Протянул и было руку к записке, бесцеремонно приколотой большой прямой булавкой с круглой красной головкой прямо к грудке покойника, справа. Увидев, что она на французском, трогать не стал, выпрямился:
— Полковник, это, по-моему, уже в вашей компетенции…
Мтанга без тени брезгливости выдернул булавку, взял записку, быстро пробежал глазами, протянул Лаврику — прекрасно знал, что Лаврик, в отличие от Мазура, владеет французским. Лаврик столь же быстро пробежал записку взглядом, коротко выругался.
— Что там? — спросил Мазур.
— Никаких особых цветистостей, — покривился Лаврик. — «Белые наемные крысы! Если немедленно отсюда не уберетесь, отправитесь следом за вожаком, и очень быстро. С вами не шутят». И никакой подписи… Обратите внимание, господа: у него совершенно спокойное лицо. Это определенно был кто-то, от кого покойный не ждал подвоха, быть может, кто-то, кого он знал…
— Пожалуй, — согласился Мтанга.
Лаврик уперся в него колючим взглядом:
— Что его лакей?

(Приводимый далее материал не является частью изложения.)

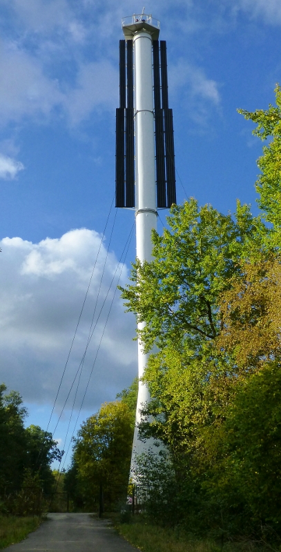 Valge metalltorn mustade täisnurksete külgtahvlitega
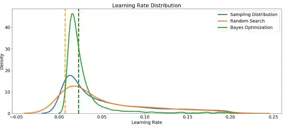 我们将学习率定义为 0.005 到 0.2 之间的对数正态分布形式,贝叶斯优化的结果与采样分布的结果看起来相类似。这说明,我们定义的分布看上去很适合这个任务,尽管最优值比我们放置最大概率的位置略高。这个结果可以用于通知域空间进一步搜索。
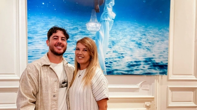 Φυσικά, από το πλευρό του δεν θα μπορούσε να λείπει η μητέρα του, Σοφία Αλιμπέρτη, η οποία και δεν έκρυψε τη συγκίνησή της όταν εκείνος πήρε το μικρόφωνο και έκανε μια ενδελεχή ξενάγηση στα έργα του.
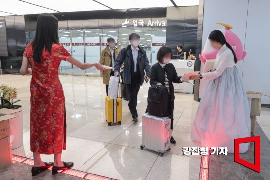 27일 오후 한국공항공사 관계자들이 김포공항에서 김포-북경·상해 노선 운항 재개를 기념해 입국하는 승객들에게 기념품을 나눠주고 있다.
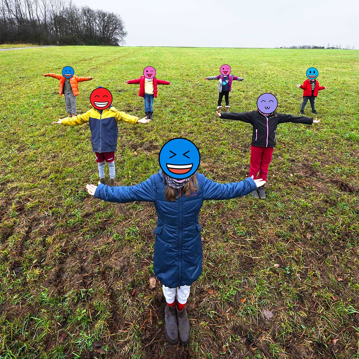 Seven kids on a grassy field forming a tree fractal through forced perspective.

И тот, что был в распоряжении его парней?
— Первый вне подозрений, — сказал Мтанга.
— Даже у вас? — криво усмехнулся Лаврик.
— Представьте, даже у меня, — сказали Мтанга. — Дело даже не в том, что именно он доложил о случившемся. И не в том, что он мой земляк, это мой давний агент, сто раз проверенный-перепроверенный… в общем, из тех агентов, кому я склонен доверять. Не в силу излишней доверчивости, а исключительно потому, что на него нет ни малейшего компромата. Лакей, приставленный к группе, не мой человек… ну, может, чей-то еще, не я один держу агентуру там и сям. Вот только чутье мне подсказывает, что и его подозревать не стоит — потому что он никуда не сбежал, а остался на месте, хоть и имеет все основания полагать, что подвергнется допросу с пристрастием. Я его, конечно, еще раз перепроверю, но чутье, знаете ли… Будь он убийцей, смылся бы. Или вы не согласны?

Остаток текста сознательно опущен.